Let's think about what happens during each operation. When we choose a value x and subtract it from all positive elements, we're essentially "shifting down" all positive values by the same amount.

The crucial observation is that if we always choose x to be the smallest non-zero element in the array, we accomplish something important: we eliminate that value entirely from the array (along with all duplicates of that value). Why? Because subtracting the smallest non-zero value from itself gives 0, and subtracting it from any duplicate also gives 0.

Consider what happens step by step:

  • In the first operation, we eliminate the smallest non-zero value
  • In the second operation, we eliminate what becomes the new smallest non-zero value
  • This continues until all values reach 0

Since we can eliminate one unique value per operation (along with all its duplicates), and we need to eliminate all unique non-zero values to make the entire array 0, the minimum number of operations is exactly equal to the count of distinct non-zero values.

This transforms our problem from "how many operations do we need?" to simply "how many different non-zero values exist in the array?". The duplicates don't matter because they get eliminated together in the same operation.

That's why the solution is elegantly simple: len({x for x in nums if x}). We create a set of all non-zero elements (which automatically removes duplicates) and count its size. This count directly gives us the minimum number of operations needed.

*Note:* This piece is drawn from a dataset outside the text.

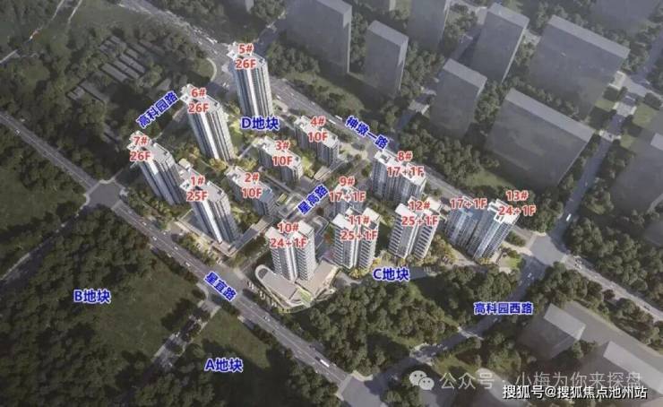 该项目住宅部分共计由13栋10-26层的洋房和小高层产品组合,分为C、D两个地块,总户数843户,总容积率2.1。其中C地块容积率2.27,共计6栋楼,共计323户;D地块容积率1.98,共计7栋楼,共计520户。都属于当下容积率较低的地块。南向立面为公建化外立面,大面积转角玻璃幕墙,颜值在线。车位配比1:1.25,共计1052个车位。

Learn more about Greedy, Sorting and Heap (Priority Queue) patterns.

Solution Approach

The solution uses a hash table (implemented as a Python set) to count the number of distinct non-zero elements in the array. This approach is both elegant and efficient.

Implementation Steps:

  1. Create a set of non-zero elements: The expression {x for x in nums if x} creates a set comprehension that:

    • Iterates through each element x in nums
    • Filters out zeros using the condition if x (since 0 evaluates to False in Python)
    • Automatically removes duplicates (property of sets)
  2. Count the distinct elements: The len() function returns the size of the set, which represents the number of unique non-zero values.

Why this works:

  • Each operation can eliminate all occurrences of one unique value from the array
  • We need exactly as many operations as there are unique non-zero values
  • The set data structure naturally handles the uniqueness requirement

Time and Space Complexity:

  • Time Complexity: O(n) where n is the length of the array, as we iterate through the array once
  • Space Complexity: O(k) where k is the number of distinct non-zero elements in the array (at most n)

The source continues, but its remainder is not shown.